Opinion
October 29, 1963
Order, entered on June 14, 1963, unanimously reversed on the law, with $20 costs and disbursements to appellant, and the motion denied. Our decision in Corbetta Constr. Co. v. Driscoll Co. ( 17 A.D.2d 176) is not determinative of the issue here presented. In that case the third-party plaintiff sought common-law indemnification from the third-party defendant in the event plaintiff recovered in its action charging Driscoll with tortious interference with its work schedule rather than breach of contract, and the arbitration clause embraced such torts. In the present third-party action Driscoll seeks contractual indemnification from the owner in the event plaintiff recovers in its action for labor and materials furnished. While a breach of a contract might be found to be a wrongful act within the meaning of article 30 of the contract we construe that article when read in its entirety as being here inapplicable (cf.

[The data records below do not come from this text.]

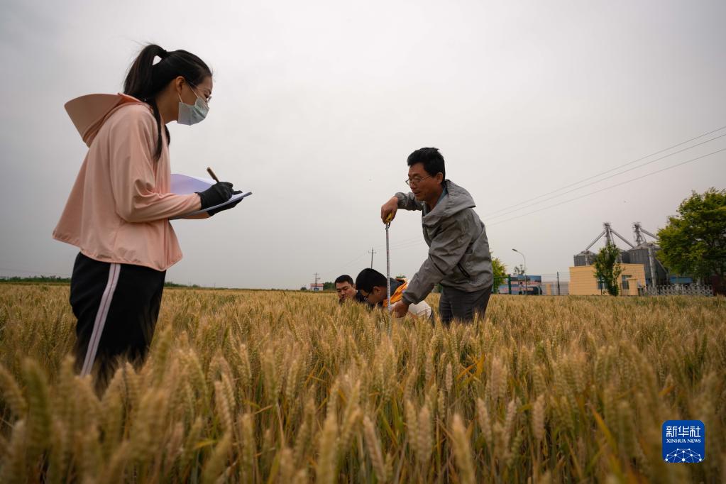 5月25日,在河北滄州渤海新區黃驊市中捷產(chǎn)業(yè)園區農科所旱堿麥繁種試驗田里,技術(shù)人員對小麥進(jìn)行測產(chǎn)。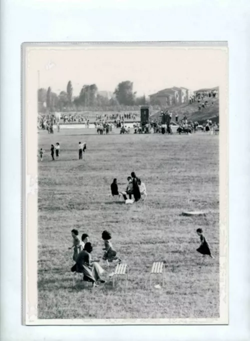 Una foto scattata sempre a Modena pochi anni dopo – all’inizio degli anni “del riflusso” come si disse – mostra l’allentarsi di quell’ordine compatto che – in forme e gradi diversi – percorre tutte le fotografie appena osservate. È pomeriggio; alcune panchine in mezzo al prato, persone sedute e bambini che si rincorrono; due coppie di giovani mangiano qualcosa su una panchina; più in là un signore lancia qualcosa a un cane; in fondo al prato, gruppi sparsi di persone sedute e in piedi stanno aspettando qualcosa, forse il comizio finale.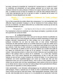 - Aborder la question à partir d'un texte juridique particulier en ce que la constitution contient l'ensemble des règles, principes et valeurs que la société à choisie. Ce texte est global et énonce des principes qui concernent toute la vie en société. Tout le droit repose sur les principes énoncés dans la constitution. Nous nous référons donc à un texte qui est composé de tout les principes sur lesquels une société se base et qui l'englobe. (1789 : « Toute société qui ne garanti pas de droits ni ne sépare les pouvoirs n'a pas de constitution »). La constitution est donc directement liée à une société et indique les droits que celle-ci garanti et dont les pouvoirs sont séparés.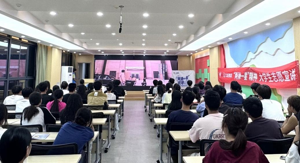 为学习贯彻习近平新时代中国特色社会主义思想和党的二十大、党的二十届三中全会精神,传承“两弹一星”精神,铸就青春使命担当,2024年9月25日晚,广西自然资源职业技术学院商贸管理系“两弹一星”宣讲团组织24级新生180余名团员和先进青年代表,在学院图书馆开展了三场两弹一星主题观影活动,开启了意义非凡的“观影悟知,传承精神”之旅。
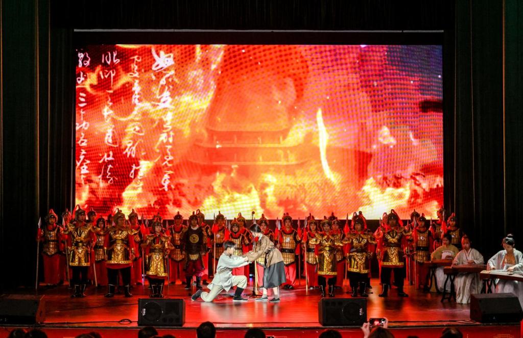 随后,晨曦文艺社和大学生艺术团的师生们为参加开幕式的校领导及师生代表表演了舞台剧《逆旅》和情景诗朗诵《满江红》等精彩节目。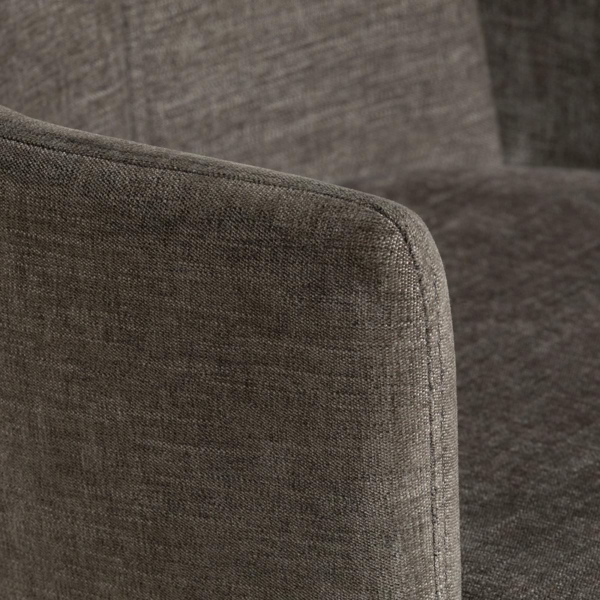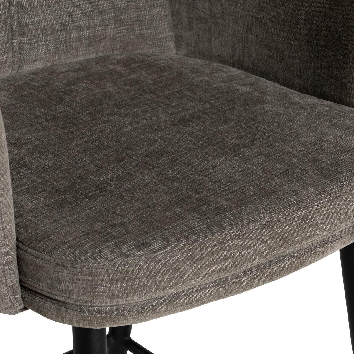 I love this one for its versatile appeal; the grey fabric is neutral yet sophisticated, making it easy to blend into a range of interiors from modern to more traditional schemes. Its upholstered back and arms provide comfort, while the sleek black metal legs lend a contemporary edge. It works particularly well in kitchens or home bars that feature a minimalist or industrial style but can also soften more eclectic spaces. For styling, pair it with a marble or wooden breakfast bar, and consider adding some textured cushions for extra comfort and visual interest. To keep it looking fresh, choose a fabric cleaner suited for upholstery, and it’ll be a practical and stylish addition to your space.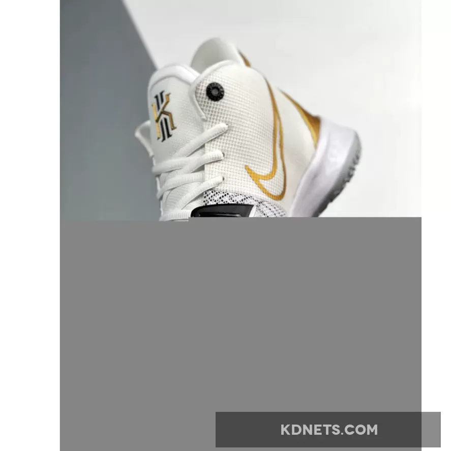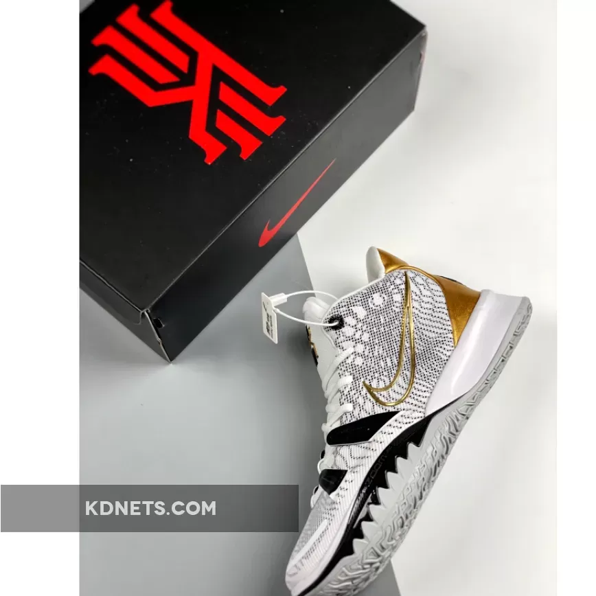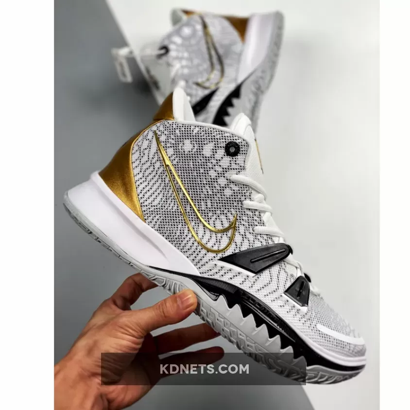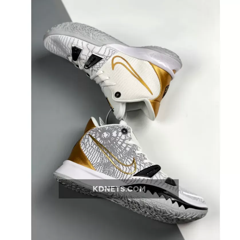 Dressed in an elegant White, Black, and Metallic Gold color scheme. This Nike Kyrie 7 features a White textile upper paired with Black detailing throughout and Metallic Gold covering the Swooshes, tongues, heels, and insole branding. Highlighting the shoe is an NBA ring on the heels to complete the design.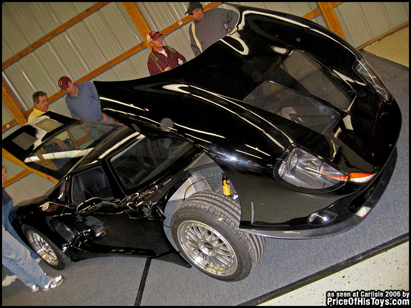 One of the hottest cars at Carlisle 2006 was the Factory Five GTM Supercar, which to me sort of looks like a Ferrari 360 from the back and a modernized GT40 (although that’s not being entirely fair). What blew me away was they designed this car to be built for under $30,000, and the full kit sells for $19k! It’s a complete kit that you can finish with Corvette parts and a Porsche transaxle (G50). Having sat in the car it’s incredibly comfortable (I’m 6’2″, 220 pounds, and I saw a guy a lot bigger than me sit in it as well).

Matter of Chiappinelli-Marx [ B L Constr. Corp.], 32 Misc.2d 621, 623). The contract provision (art. 47) providing for arbitration is limited to "disputes, claims or questions subject to arbitration under (the) contract" as distinguished from an unlimited clause providing for arbitration of any and all disputes arising under the contract. (Cf. 6 Williston, Contracts [rev. ed.], § 1924, p. 5383.) We find no other provision in the contract that makes the present dispute arbitrable. The issue presented herein was not decided in the Corbetta case ( supra) and the doctrine of collateral estoppel is inapplicable. ( City Bank Farmers Trust Co. v. Macfadden, 13 A.D.2d 395, 400, affd. 12 N.Y.2d 1035.)
Concur — Breitel, J.P., Rabin, Eager, Steuer and Bastow, JJ.